### Task goal:
Please retype the records below exactly, from the first line through the line containing "Thirteen benches were", and leave out any pictures.

******************************

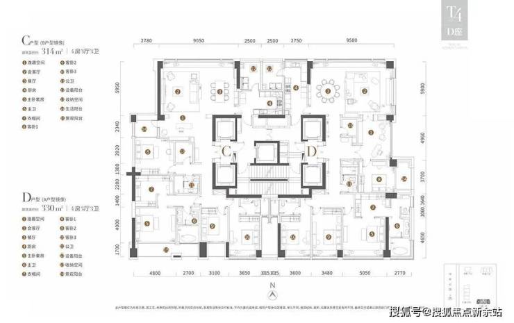 T7王座总裁公寓 【T7-01户型鉴赏】约393㎡四房三厅六卫
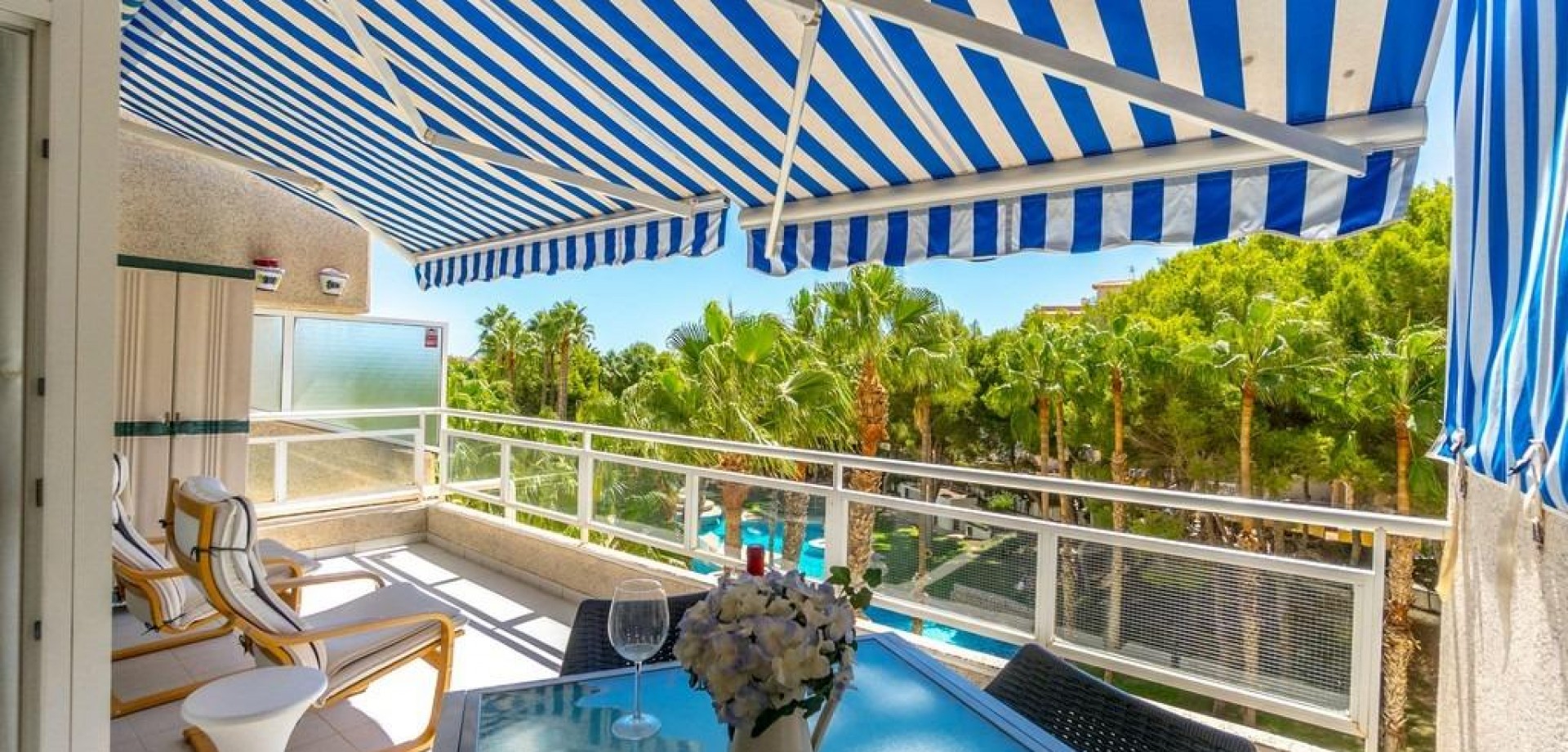 Discover this charming apartment located in Altos de Campoamor, one of the most beautiful and green areas of the Orihuela Costa. With a constructed area of 73 m2 and in very good overall condition, this property is ideal for a perfect holiday or year-round residence. Facing east, it has a bright terrace of approximately 15 m2 where you can relax while enjoying the Mediterranean climate and beautiful views of the residences, its pool, and green areas. The apartment has three double bedrooms, each...
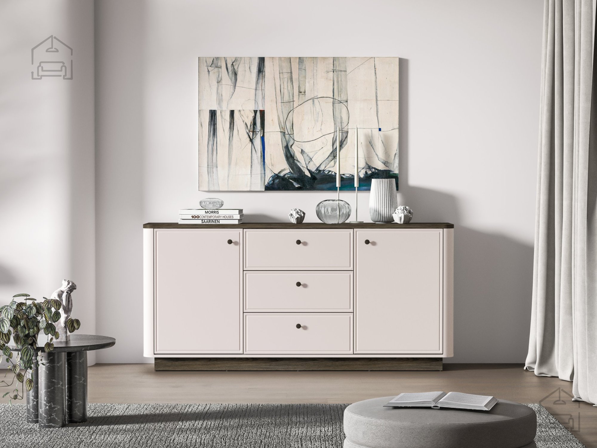 Komoda Vilavio 03 je zasnovana za večnamensko uporabo. V dnevni sobi lahko služi kot prostor za shranjevanje in dekorativni element pod televizorjem ali ogledalom. V spalnici pa nudi praktičen prostor za perilo, posteljnino ali dodatke. Zaradi uravnoteženega dizajna se lepo ujema z drugimi pohištvenimi elementi serije Vilavio, kar omogoča dosledno in estetsko celovito ureditev prostora.
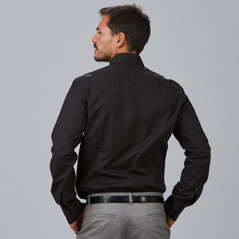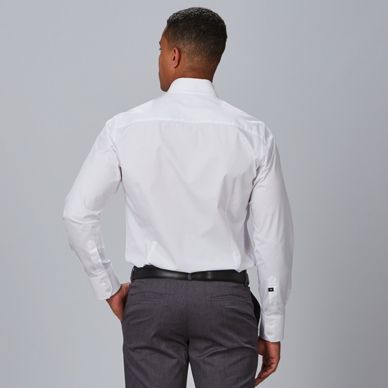 Camisa profesional de corte slim fit con cuello chimenea para una imagen moderna y cuidada. Tejido Elysian en popelín elástico que aporta comodidad, resistencia y fácil planchado. Manga larga con puño abotonado, pinzas y canesú en espalda para un entalle impecable en el día a día.
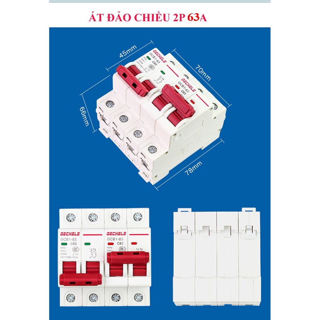Giới thiệu Attomat đảo chiều 2P 63A, Cầu dao đảo chiều 2P 63A GCB1-63 Gechele
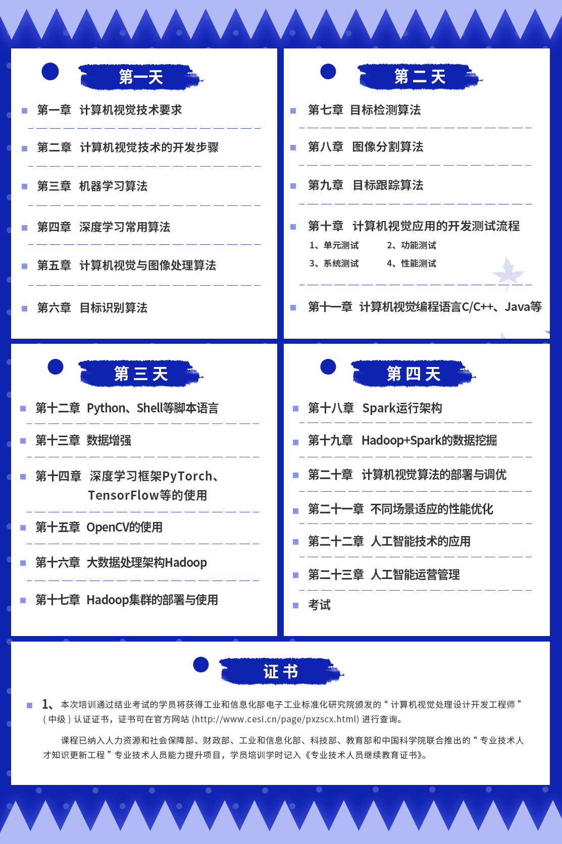 培训课程体系围绕我国人工智能产业生态,以SJ/T11805-2022《人工智能从业人员能力要求》电子行业标准为依据,结合工程实践案例,对计算机视觉、自然语言及语音处理、人工智能应用集成等职业方向展开授课,培养符合标准知识、技能要求的人工智能人才。
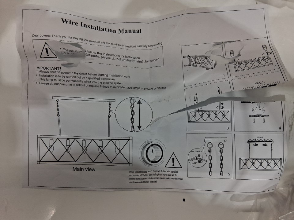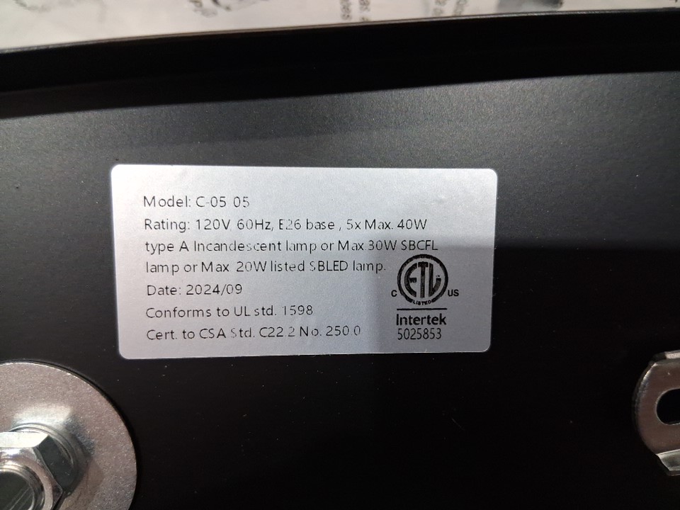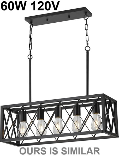 5 Lights Adjustable Height Industrial Pendant Lighting Fixture - 25" X 8.75" X 8.75" - 60W 120V - BLACK
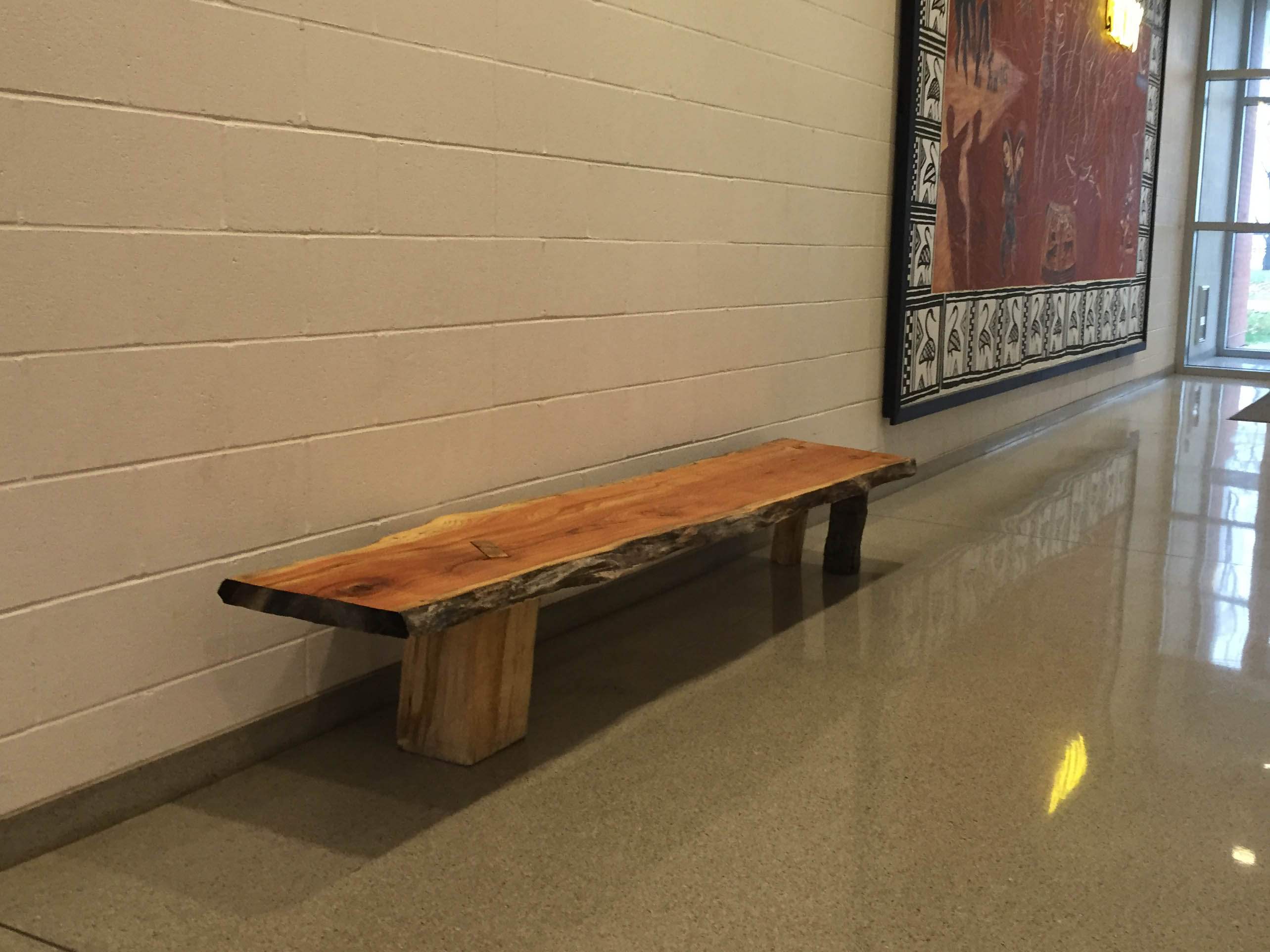 Thirteen benches were created by students during the weekend workshop. These benches have continued to dry since last fall and will be distributed throughout the trails and in the sculpture part of the nature park. One finished bench currently sits in the hallway outside of the Peeler Auditorium.
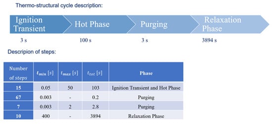 - A relaxation phase was added after the purging phase in the thermomechanical loading cycle: during this phase, the thrust chamber slowly returns to environmental thermal conditions, with consequent relaxation of thermal stresses.

******************************

### Output of the exercise:
 T7王座总裁公寓 【T7-01户型鉴赏】约393㎡四房三厅六卫
 Discover this charming apartment located in Altos de Campoamor, one of the most beautiful and green areas of the Orihuela Costa. With a constructed area of 73 m2 and in very good overall condition, this property is ideal for a perfect holiday or year-round residence. Facing east, it has a bright terrace of approximately 15 m2 where you can relax while enjoying the Mediterranean climate and beautiful views of the residences, its pool, and green areas. The apartment has three double bedrooms, each...
 Komoda Vilavio 03 je zasnovana za večnamensko uporabo. V dnevni sobi lahko služi kot prostor za shranjevanje in dekorativni element pod televizorjem ali ogledalom. V spalnici pa nudi praktičen prostor za perilo, posteljnino ali dodatke. Zaradi uravnoteženega dizajna se lepo ujema z drugimi pohištvenimi elementi serije Vilavio, kar omogoča dosledno in estetsko celovito ureditev prostora.
 Camisa profesional de corte slim fit con cuello chimenea para una imagen moderna y cuidada. Tejido Elysian en popelín elástico que aporta comodidad, resistencia y fácil planchado. Manga larga con puño abotonado, pinzas y canesú en espalda para un entalle impecable en el día a día.
Giới thiệu Attomat đảo chiều 2P 63A, Cầu dao đảo chiều 2P 63A GCB1-63 Gechele
 培训课程体系围绕我国人工智能产业生态,以SJ/T11805-2022《人工智能从业人员能力要求》电子行业标准为依据,结合工程实践案例,对计算机视觉、自然语言及语音处理、人工智能应用集成等职业方向展开授课,培养符合标准知识、技能要求的人工智能人才。
 5 Lights Adjustable Height Industrial Pendant Lighting Fixture - 25" X 8.75" X 8.75" - 60W 120V - BLACK
 Thirteen benches were created by students during the weekend workshop. These benches have continued to dry since last fall and will be distributed throughout the trails and in the sculpture part of the nature park. One finished bench currently sits in the hallway outside of the Peeler Auditorium.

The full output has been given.